ETIOLOGY AND EPIDEMIOLOGY
Bronchiolitis is an acute lower respiratory tract infection that results in an inflammatory obstruction of the peripheral airways, usually in children younger than 2 years.1 Children with bronchiolitis commonly wheeze. Bronchiolitis frequently is the first episode of wheezing in a previously healthy child. Almost all cases are viral induced, with respiratory syncytial virus (RSV) most often implicated. Less frequent but other notable pathogens that may trigger bronchiolitis include parainfluenza, influenza, rhinovirus, adenovirus, measles, and mycoplasma. Bronchiolitis is observed in all geographic areas, and the peak period for bronchiolitis ranges from October or November through April. It is encountered more often in children of lower socioeconomic status with their more crowded living conditions. Exposure to secondhand smoke predisposes to bronchiolitis, whereas breastfeeding appears to confer a protective advantage.

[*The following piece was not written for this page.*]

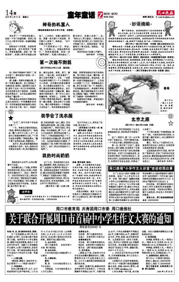 周口晚报“小学作文大讲堂”走进校园启事

RSV is generally transmitted by contact with infected nasal secretions and much less frequently by aerosol spread. There are two major strains of RSV, A and B. Within each strain are numerous genotypes and subtypes, although one or two usually predominate during an outbreak.2 However, shifts in die predominant strain make it possible for individuals to remain susceptible to reinfection from year to year or even within the same season. RSV infection is common, with estimates that more than half of infants are infected during the first year of life and more than 80% by the age of 2 years.3 Approximately 1% to 2% of those infected with RSV require hospitalization, with younger children generally being more seriously affected. Between 1980 and 1996, bronchiolitis accounted for 1.65 million hospital admissions in the United States. Children younger than 1 year accounted for more than 80% of these hospitalizations, with hospitalization rates increasing from 12.9 per 1,000 in 1980 to 31.2 per 1,000 in 1996.4
PATHOPHYSIOLOGY AND CLINICAL FEATURES
Aside from bronchiolitis, RSV may also cause an uncomplicated upper respiratory tract infection or pneumonia or be a trigger of asthma in older children with this preexisting condition. In the lower respiratory tract, the virus induces necrosis of the airway epithelium and its ciliated lining. The ensuing mucosal inflammation impacts most severely on the smaller-caliber peripheral airways, without significant involvement of alveoli. There is a predominantly lymphocytic infiltrate into the peribronchial and peribronchiolar epithelium that promotes edema of the submucosa and adventitia. Intraluminal plugs of mucous and cellular debris accumulate secondary to impaired mucociliary clearance, leading to ball-valve obstruction and hyperinflation.1,5
For most individuals, bronchiolitis is a self-limited infection. The incubation period for RSV varies from 2 to 8 days.6 After a prodrome of several days, the acute illness often lasts 3 to 7 days, followed by a gradual recovery during 1 to 2 weeks/ Rhinorrhea, cough, and low-grade fever are common. Changes in behavior may occur and vary from restlessness to lethargy, often with decreased oral intake. Findings on physical examination may include tachypnea and the use of accessory muscles of breathing; a prolonged exhalatory phase; and wheezes, crackles, or both. Hypoxemia results from ventilation-perfusion mismatch of gas-exchange units. Chest radiographs typically reveal hyperinflation with patchy atelectasis. The severe complications of respiratory failure and apnea occur most often in very young children or those with underlying conditions such as prematurity, bronchopulmonary dysplasia and other chronic lung diseases, congenital heart disease, and immunodeficient states.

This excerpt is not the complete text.